El dercho a la revolución
Fidel Castro fue un revolucionario. Digan lo que digan, sobre todo las voces que provienen de la extrema derecha y el conservadurismo. Dirigió un movimiento revolucionario y luego gobernó para construir, crear y crear un modelo de desarrollo que, a pesar del embargo y otras condiciones externas e internas, hoy mismo sigue mostrando indicadores sociales y económicos envidiables. También fue responsable y partícipe de errores, muchos muy graves por sus implicaciones humanas. No se trata, pues, de endiosar a un ser humano que fue protagonista de la historia mundial. Pero tampoco de satanizarlo. Fue un revolucionario y eso es su atributo. Pero más allá de la figura de este u otro personaje y más allá del culto a la personalidad de cualquiera, se trata de que la revolución sea un derecho al que todos podemos y debemos aspirar. Y del que todos debemos ser parte en la condición, nivel o aptitudes que sean.

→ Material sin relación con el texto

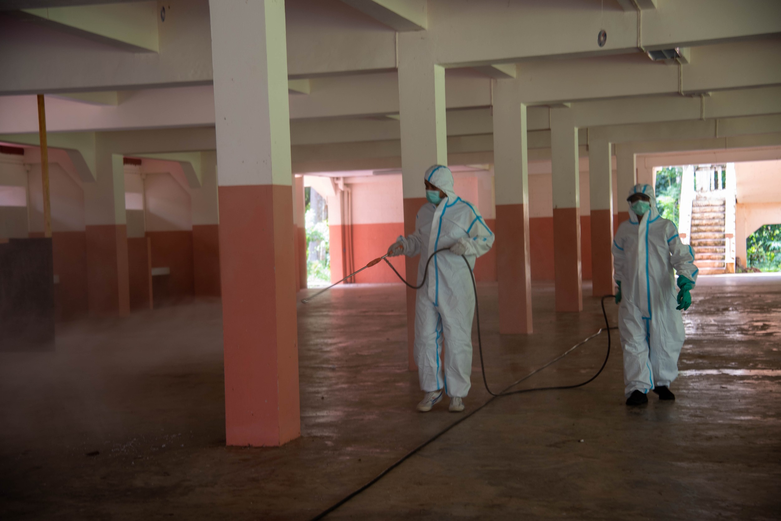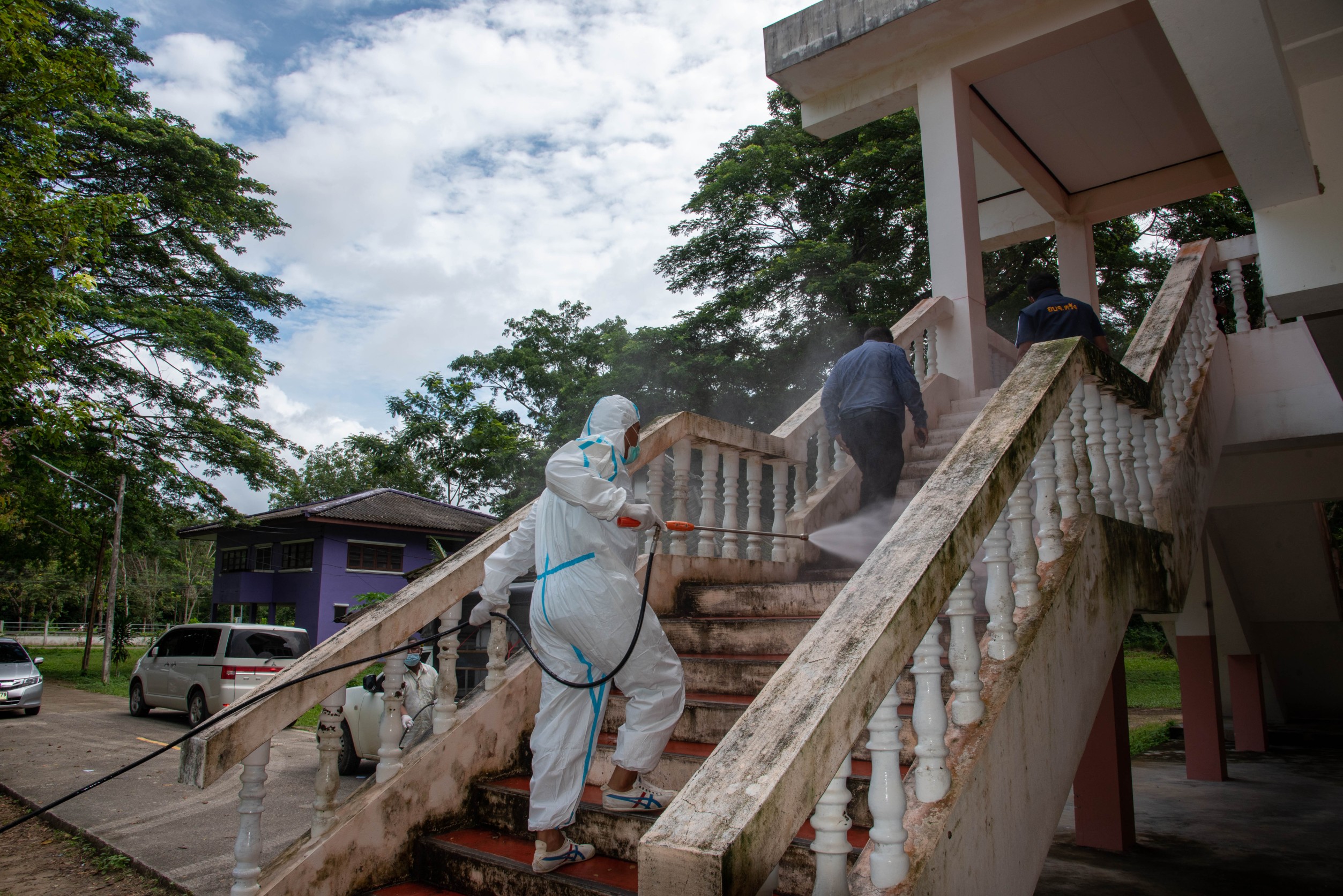 อบจ.ตรัง ฉีดพ่นยาฆ่าเชื้อป้องกันโควิด -19 รอบๆบริเวณโรงพยาบาลสนามชุมชน (Community Isolation) ที่ค่ายลูกเสือรัษฏานุประดิษฐ์ อ.นาโยง จ.ตรัง

La revolución en todo campo y en todo aspecto de la vida es tan necesaria como aprender a respirar, reír o llorar. Debe ser una característica infaltable a la hora de definirnos como humanidad, tanto en nuestras versiones colectivas como en la expresión individual de la misma. Ser revolucionario es sentir, pensar y desear que las cosas del mundo y de la vida cambien, que sean distintas. Sobre todo, es el anhelo que nos debe nacer siempre ante situaciones que nos agobian, nos oprimen o no nos permiten construir el horizonte al que debemos llegar, ni nos dejan moldear el camino por el que pretendemos avanzar. Cuando las situaciones nos niegan la libertad o se oponen a nuestras pretensiones más profundas, el único camino posible es el de revolucionar esa realidad. De lo contrario, cuando no ejercemos nuestro derecho a la revolución, nos dejamos aprisionar por el conformismo, la pasividad y cedemos las decisiones y las visiones a otros. Es en la revolución que la indignación se hace movimiento, se hace verbo, se hace camino.

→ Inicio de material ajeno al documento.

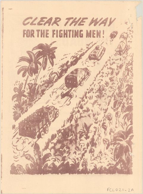 This well-preserved leaflet coded "11-F-6" was produced by the Psychological Warfare Branch of the U.S. Army. It was dropped by U.S. forces in the Philippines and intended for local civilians. The illustration on the front of the leaflet shows an army convoy encountering a crowded street with locals fleeing a city. Text encourages the readers "if you must leave your towns go across country or over trails." On verso is a cleared road "for the fighting men!"

Tenemos derecho a la revolución en todo. No se trata solo de los cambios estructurales de la sociedad (tan fundamentales y cruciales), sino también de revolucionar nuestros modos de relacionarnos, nuestras visiones, nuestros esquemas mentales, nuestras sensaciones e ideas. Se trata de ser revolucionarios en el arte, en el deporte, en la educación, en la vida cultural y social, en la familia, en la participación política. Para ello es preciso abandonar el conformismo y la ceguera, esa que es la fuente principal de la ausencia de revolución.
Que quede claro: hablar de revolución no es hablar de violencia, de armas o de destrucción de la vida. Lo más revolucionario en nuestros tiempos es la capacidad de incidir a favor de los cambios sin utilizar las armas, sin el irrespeto o la agresividad. Hoy es más revolucionario aquel o aquella que desde la paz y la dignidad hacia los demás influye en las transformaciones que el mundo amerita. Por eso, es tan necesario y urgente que podamos mirar hacia adentro, hacia la espiritualidad (no en su sentido religioso) que permite la consolidación de visiones, sensaciones y opciones personales a favor de la vida. Las luchas revolucionarias necesitan de esa fuerza interior que solo proviene de la convicción firme, y del sentimiento personal, de que la dignidad, la paz, el desarrollo, la igualdad y otras demandas, son necesarias y posibles de alcanzar. Y recordemos que no hay revolución sin amor, porque el amor es la revolución más total y poderosa que podemos vivir.